*** Block opens ***

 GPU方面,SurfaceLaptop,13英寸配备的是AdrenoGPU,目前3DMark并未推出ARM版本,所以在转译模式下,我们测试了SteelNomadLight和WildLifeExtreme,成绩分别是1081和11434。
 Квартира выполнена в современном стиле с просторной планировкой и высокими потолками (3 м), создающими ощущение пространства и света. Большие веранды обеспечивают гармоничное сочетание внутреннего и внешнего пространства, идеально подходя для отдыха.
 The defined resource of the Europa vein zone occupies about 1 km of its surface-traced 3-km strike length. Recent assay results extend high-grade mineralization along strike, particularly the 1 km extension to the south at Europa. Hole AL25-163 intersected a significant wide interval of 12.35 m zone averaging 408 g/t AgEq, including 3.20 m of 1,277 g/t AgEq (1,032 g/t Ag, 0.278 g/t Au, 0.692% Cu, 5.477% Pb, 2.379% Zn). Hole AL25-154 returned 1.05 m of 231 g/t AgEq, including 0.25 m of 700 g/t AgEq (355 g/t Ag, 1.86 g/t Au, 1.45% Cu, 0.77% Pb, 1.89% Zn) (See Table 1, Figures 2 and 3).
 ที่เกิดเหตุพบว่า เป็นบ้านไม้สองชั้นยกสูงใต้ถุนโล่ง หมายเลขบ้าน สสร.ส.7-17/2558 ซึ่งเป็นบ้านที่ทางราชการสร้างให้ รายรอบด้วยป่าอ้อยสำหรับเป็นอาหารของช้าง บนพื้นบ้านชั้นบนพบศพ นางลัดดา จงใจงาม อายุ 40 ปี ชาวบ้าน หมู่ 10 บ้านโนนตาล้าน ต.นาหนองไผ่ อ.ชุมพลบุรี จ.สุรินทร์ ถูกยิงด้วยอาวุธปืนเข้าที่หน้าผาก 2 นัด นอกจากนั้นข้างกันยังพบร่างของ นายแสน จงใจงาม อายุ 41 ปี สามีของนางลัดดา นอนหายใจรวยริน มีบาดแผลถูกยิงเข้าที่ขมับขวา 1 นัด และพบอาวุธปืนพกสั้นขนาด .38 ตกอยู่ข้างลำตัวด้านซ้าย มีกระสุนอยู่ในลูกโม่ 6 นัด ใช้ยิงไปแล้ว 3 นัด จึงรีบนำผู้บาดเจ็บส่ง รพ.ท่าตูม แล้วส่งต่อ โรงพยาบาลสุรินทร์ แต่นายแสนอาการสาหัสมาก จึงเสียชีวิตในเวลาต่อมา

*** Block closes ***

Exercise
Make an exact copy of each line, beginning at the one containing "Квартира выполнена в" and ending with the last line of the data, and of no other line.

Task solution
 Квартира выполнена в современном стиле с просторной планировкой и высокими потолками (3 м), создающими ощущение пространства и света. Большие веранды обеспечивают гармоничное сочетание внутреннего и внешнего пространства, идеально подходя для отдыха.
 The defined resource of the Europa vein zone occupies about 1 km of its surface-traced 3-km strike length. Recent assay results extend high-grade mineralization along strike, particularly the 1 km extension to the south at Europa. Hole AL25-163 intersected a significant wide interval of 12.35 m zone averaging 408 g/t AgEq, including 3.20 m of 1,277 g/t AgEq (1,032 g/t Ag, 0.278 g/t Au, 0.692% Cu, 5.477% Pb, 2.379% Zn). Hole AL25-154 returned 1.05 m of 231 g/t AgEq, including 0.25 m of 700 g/t AgEq (355 g/t Ag, 1.86 g/t Au, 1.45% Cu, 0.77% Pb, 1.89% Zn) (See Table 1, Figures 2 and 3).
 ที่เกิดเหตุพบว่า เป็นบ้านไม้สองชั้นยกสูงใต้ถุนโล่ง หมายเลขบ้าน สสร.ส.7-17/2558 ซึ่งเป็นบ้านที่ทางราชการสร้างให้ รายรอบด้วยป่าอ้อยสำหรับเป็นอาหารของช้าง บนพื้นบ้านชั้นบนพบศพ นางลัดดา จงใจงาม อายุ 40 ปี ชาวบ้าน หมู่ 10 บ้านโนนตาล้าน ต.นาหนองไผ่ อ.ชุมพลบุรี จ.สุรินทร์ ถูกยิงด้วยอาวุธปืนเข้าที่หน้าผาก 2 นัด นอกจากนั้นข้างกันยังพบร่างของ นายแสน จงใจงาม อายุ 41 ปี สามีของนางลัดดา นอนหายใจรวยริน มีบาดแผลถูกยิงเข้าที่ขมับขวา 1 นัด และพบอาวุธปืนพกสั้นขนาด .38 ตกอยู่ข้างลำตัวด้านซ้าย มีกระสุนอยู่ในลูกโม่ 6 นัด ใช้ยิงไปแล้ว 3 นัด จึงรีบนำผู้บาดเจ็บส่ง รพ.ท่าตูม แล้วส่งต่อ โรงพยาบาลสุรินทร์ แต่นายแสนอาการสาหัสมาก จึงเสียชีวิตในเวลาต่อมา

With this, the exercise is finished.